Что это было? По всей вероятности, чей-нибудь телефон или адрес, о котором почему-то они оба не хотели говорить в присутствии всех.
Мы живем с папой в центре Карловых Вар, в отеле «Пупп» (в то время – «Москва») вместе со всеми приезжими из демократических стран. Шикарный отель с красной плюшевой мебелью, позолотой, с огромными зеркалами от пола до потолка. Папа предупредил, пока нас оформляли:
– Поднимешься по этой лестнице и поверни сразу налево. А то в прошлом году твоя Надя вошла в зеркало.

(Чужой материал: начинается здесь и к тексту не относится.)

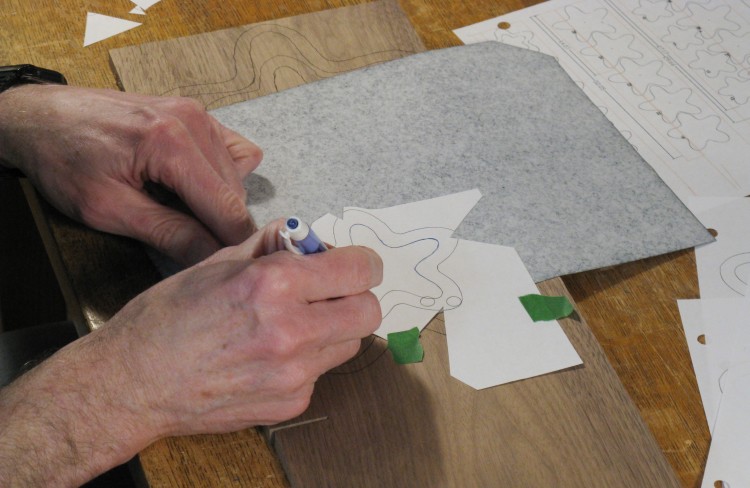 Then with the planks smoothed and at the correct thickness, it was time to start tracing the patterns onto the wood. As usual, I used my standard full-sized-plan-with-carbon-paper technique as shown here.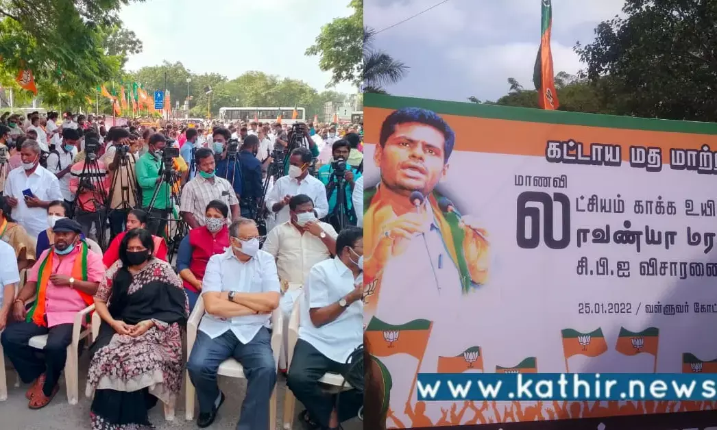 "இந்நிலையில் மாணவியின் தற்கொலைக்கு நீதி வேண்டி இவ்வழக்கை சி.பி.ஐ விசாரிக்க வேண்டும்" என்று தமிழக பா.ஜ.க சார்பில் சென்னை வள்ளுவர் கோட்டத்தில் மாபெரும் உண்ணாவிரதம் நடைபெற்று வருகிறது.

Я ничего не поняла. Поднялась по ступенькам и остановилась на большой площадке. Справа и слева уходили вверх две широкие прекрасные лестницы. Лестница справа влекла меня точно магнитом, я сделала шаг и, глядя на свое отражение, двинулась туда. Но остановилась вовремя. В прошлом году Надя этого сделать не успела.
Дважды в день мы ходим пить воду в «Колоннаду». Мне это напоминает романы Тургенева.
Мы ходим с папой в обувные магазины, и там впервые в моей жизни продавщица, встав на колени, надевает мне обувь на мои широкие некрасивые ступни. Ездим в Терезин.
Приехавшие из Советского Союза живут отдельно, помнится – в «Интернационале». Это разделение мне представляется непреодолимой преградой, хотя я сама только что из Ленинграда. Я уязвлена – «советские» не хотят нас признавать своими! Но папа этого не чувствует, он дружит со всеми, ходит в гости. В следующем году, вместе с мамой, знакомится с космонавтом Германом Титовым, с которым потом долгое время поддерживает переписку (в Москве мы были у него в гостях). Папа поднимается в гору, идет в отель, кричит во все горло: «Браво Михайлову!», знаменитому оперному басу, который выступает только в «Интернационале».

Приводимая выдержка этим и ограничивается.